- Capture of Sawran (1470): Part of the Kazakh War of Independence of Kazakh–Uzbek Wars
| Date | Winter 1470 |
| Location | Sawran (Kazakhstan), Kazakhstan |
| Result | Kazakh victory |

Belligerents
- Kazakh Khanate: Khanate of Bukhara

Commanders and leaders
- Irenji Sultan: Unknown

= Capture of Sawran (1470) =

Battle between the Kazakh Khanate and Khanate of Bukhara

The Capture of Sawran was a military conflict during the Kazakh War of Independence when Irenji Sultan took Sawran.

== Background ==
The Kazakh Sultan considered the cities located on the Syr Darya as important defensive and strategic points. In the struggle for dominance over the steppe territories, opposing sides sought to establish themselves in cities of the Karatau and Syr Darya regions, which were closest to their nomadic routes. These cities served as fortified strongholds capable of withstanding prolonged sieges and provided both economic and military support. By relying on the cities of Turkestan, Kazakh khans and sultans could strengthen their authority over the steppe aristocracy more quickly. This explains the persistence of the Kazakh khans in their fight to subjugate the cities of Turkistan (Syr Darya region) despite numerous rivals.

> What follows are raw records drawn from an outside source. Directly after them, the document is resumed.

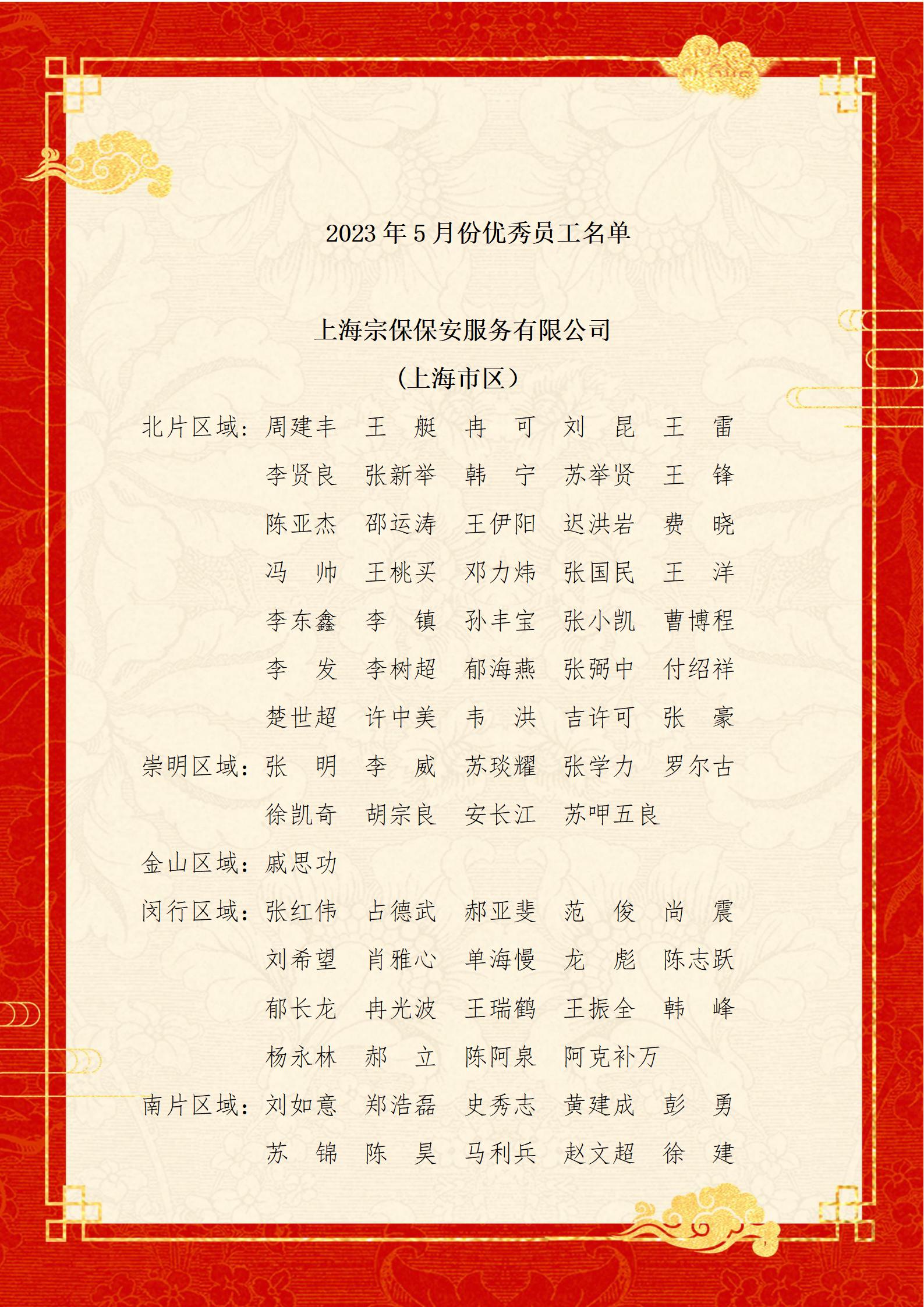 5月份,公司廣大員工根據(jù)甲方的任務(wù)要求,按照公司的安排部署,保持和發(fā)揚(yáng)務(wù)實(shí)負(fù)責(zé)、積極作為的工作作風(fēng),助力完成了五一小長(zhǎng)假南京歡樂(lè)谷、上海市假私卷煙聯(lián)合集中銷毀儀式、第十屆上海民俗文化節(jié)暨三林塘圣堂廟會(huì)開(kāi)幕儀式等多個(gè)大型活動(dòng)臨時(shí)保障任務(wù),全力配合甲方做好了城市管理輔助、治安巡邏聯(lián)防、物業(yè)服務(wù)保障、生態(tài)環(huán)境保護(hù)、高鐵線路巡防等工作。期間,涌現(xiàn)出了一批盡心履責(zé)、崗位建功、拾金不昧、熱心助人的優(yōu)秀員工和先進(jìn)典型。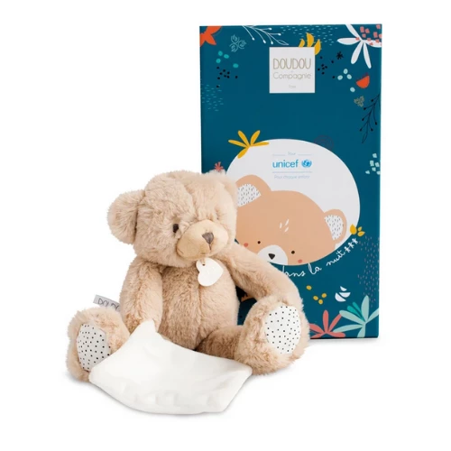 Feels lovely and soft to hold and cuddle. This adorable bear comes in a smart presentation box, making it a great newborn gift idea.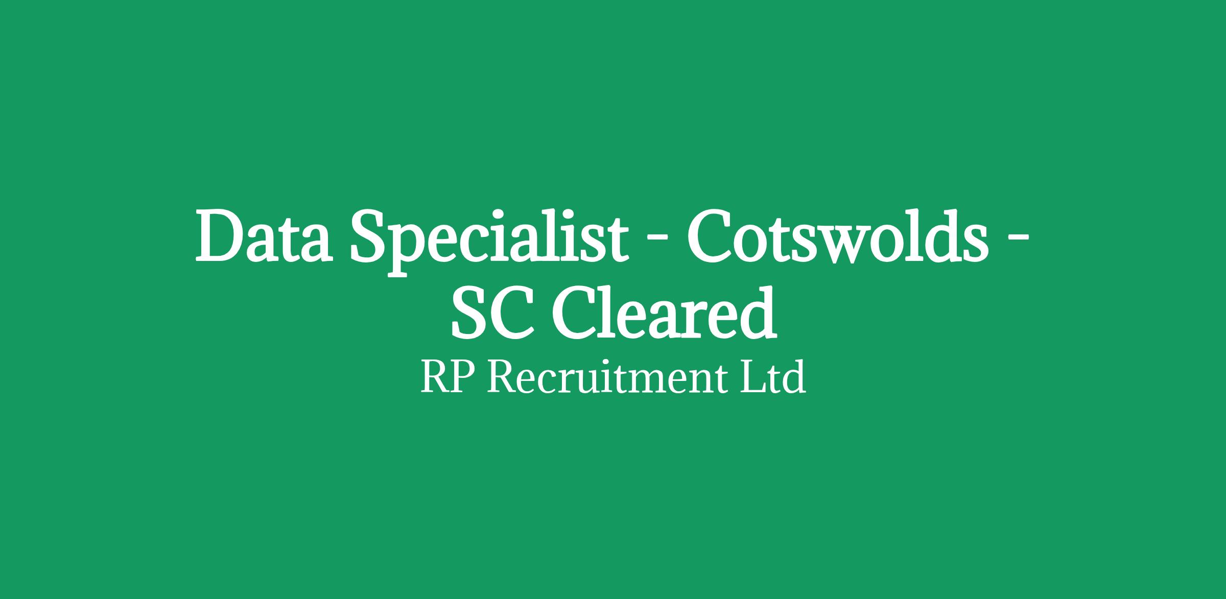 Data Specialist - Cotswolds - SC Cleared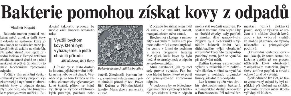 „Bakteriální produkce kyseliny sírové je ekologičtější a levnější než její chemická výroba, navíc jsou produkovány povrchově aktivní látky, které přispívají k rozpouštění kovů. Díky tomu je možné převést vzácné kovy, které se nachází ve strusce a popílku, do roztoku zvaného výluh,“ popsal výhody postupu Jiří Kučera z Ústavu biochemie Přírodovědecké fakulty Masarykovy univerzity. Připustil, že postup bioloužení kovů z minerálních rud je vědcům známý již několik desítek let a v zahraniční se využívá zejména k těžbě mědi.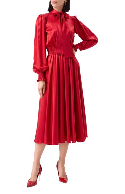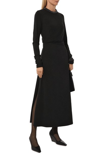 Миди-платье рубашечного кроя сшили из полупрозрачного шелка в мерцающую люрексовую полоску. Из этой же ткани выполнили широкий пояс-ленту. В комплект входит нижнее платье на тонких бретелях.
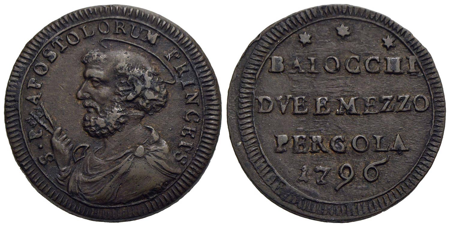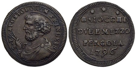 PERGOLA - Pio VI (1775-1799) - Sampietrino - 1796 - (CU g. 15,89) RR CNI 1; Munt. 382<br>SPL<br><br>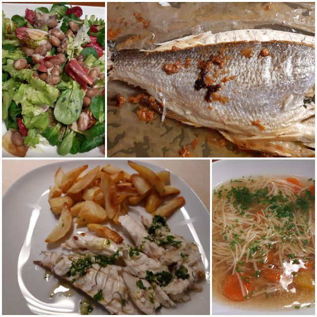 Danes goveja juha iz zaloge, pečena orada ( haha, sem slikala, ko sem glavo odrezala), pečen krompir, mešana solata.

These same factors played a key role for Muhammad Shaybani, who, in the early stages of his campaign, sought to restore Shaybanid rule in Eastern Desht-i Kipchak. He challenged the authority of the Kazakh khans, who regarded themselves as the rightful heirs of the rulers of the White Horde, from whom Shaybanid Abu'l-Khayr had once seized the throne.

The struggle between the Kazakh khans and the Shaybanids for power in Eastern Dasht-i Kipchak and Turkestan in the late 15th century unfolded in several stages, each marked by shifts in the balance of power in favor of one side or the other.

== History ==
By the winter of 1470, the Kazakh rulers had made significant progress into Turkistan. Irenchi-sultan, the eldest son of Janibek Khan, captured Sauran, which strengthened the Kazakh position in the region. This was an important step in the fight against Shaybanid, as Sauran was a strategically significant city for controlling Southern Kazakhstan. At the same time, Mahmud-sultan, another son of Janibek, seized Suyzak in the foothills of the Karatau, securing another important point in the south. Kerei khan, aiming to ensure control over Turkistan and prevent the consolidation of the Shaybanids in these key cities, actively advanced toward these territories. This Kazakh offensive, aimed at preventing the establishment of the Shaybanids and strengthening their power in Eastern Desht-i-Kipchak, became decisive in these events.